REVIEW: THE PUNISHER (2004)

 CAST

Thomas Jane (Deep Blue Sea)
John Travolta (The Taking of Pelham 123)
Will Patton (November Man)
Roy Schneider (Seaquest)
Laura Harring (Exit To Eden)
Ben Foster (X-Men 3)
Rebecca Romijn (Ugly Betty)
John Pinette (Alf)
Samantha Mathis (Little Women)
Eddie Jemison (Izombie)
Kevin Nash (John Wick)
Marc Macauley (Swamp Thing: The Series)

Way back when a character named Frank Castle made his first appearance in the pages of The Amazing Spider-Man #129. Castle’s family was mowed down by the mob in New York City and he took it upon himself to ‘punish’ all criminals from then on and he became…insert dramatic pause here… The Punisher. The character developed a solid cult following with guest appearances in later issues of Spider-Man as well as Daredevil and he was eventually given his own five issue mini series by Steven Grant and Mike Zeck in the eighties. A regular series followed a few years after that as well as a spin off series or two and a goofy straight to video film starring Dolph Lundgren. Since then series’ have been cancelled, then rejuvenated and since injecting the character with some much needed fresh blood in the form of Preacher team Garth Ennis and Steve Dillon, the comics seem to be back on track and thus, a new R-Rated big screen adaptation is born.

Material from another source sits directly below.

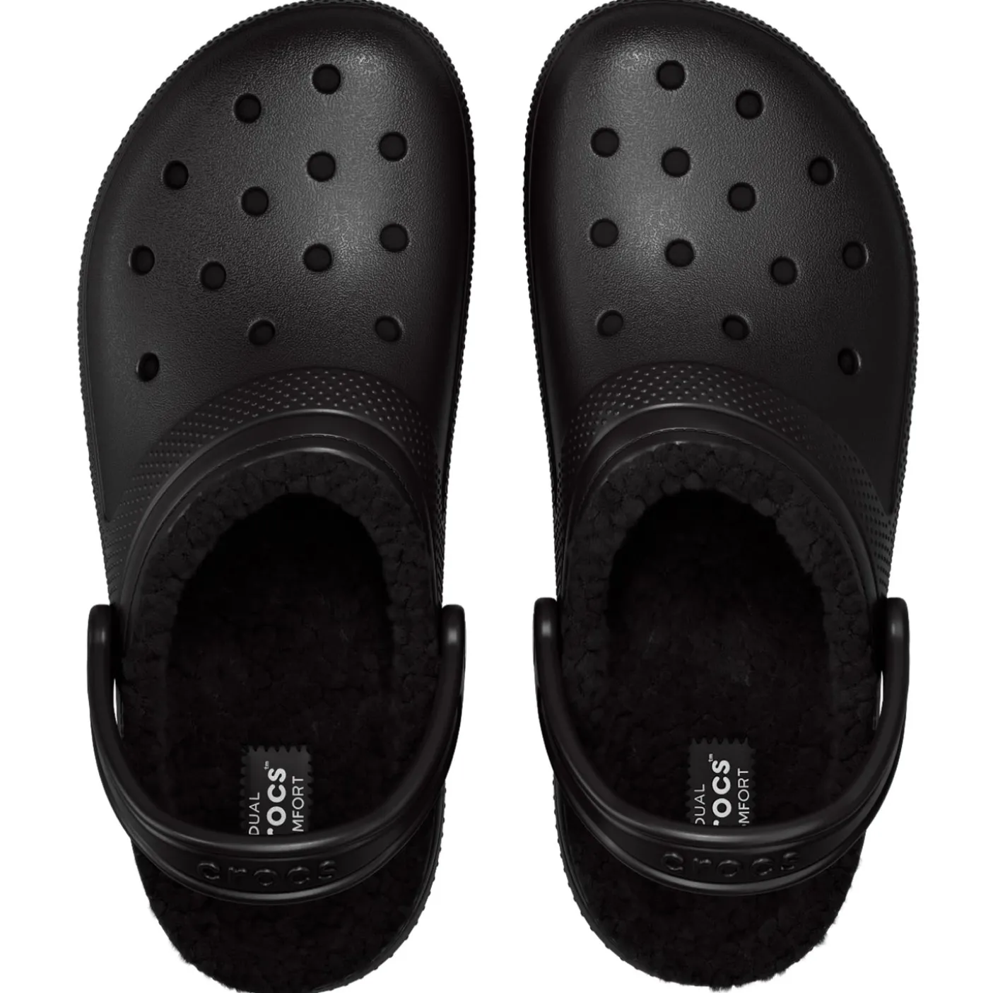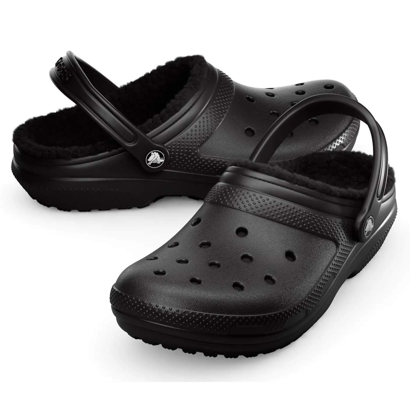 Warm, fluffy fleece synthetic lining for added warmth. Croslite material midsole for lightweight cushioning. Heel strap for a secure fit. Non-marking Croslite material outsole. Dual Crocs comfort. Accepts Jibbitz.

In this incarnation, Frank Castle (Thomas Jane – no relation to yours truly) is an undercover agent finishing his last job before he and his lovely wife and son are to go off to London to live happily ever after. When one of the hoods gets shot up and dies in the sting, he Castle finds out the hard way that he was the son of a prominent businessman, Howard Saint (John Travolta). Saint doesn’t take too kindly to the death of his son and decides to pay Castle back in spades by having his entire family killed during a party on the beach at his parent’s house.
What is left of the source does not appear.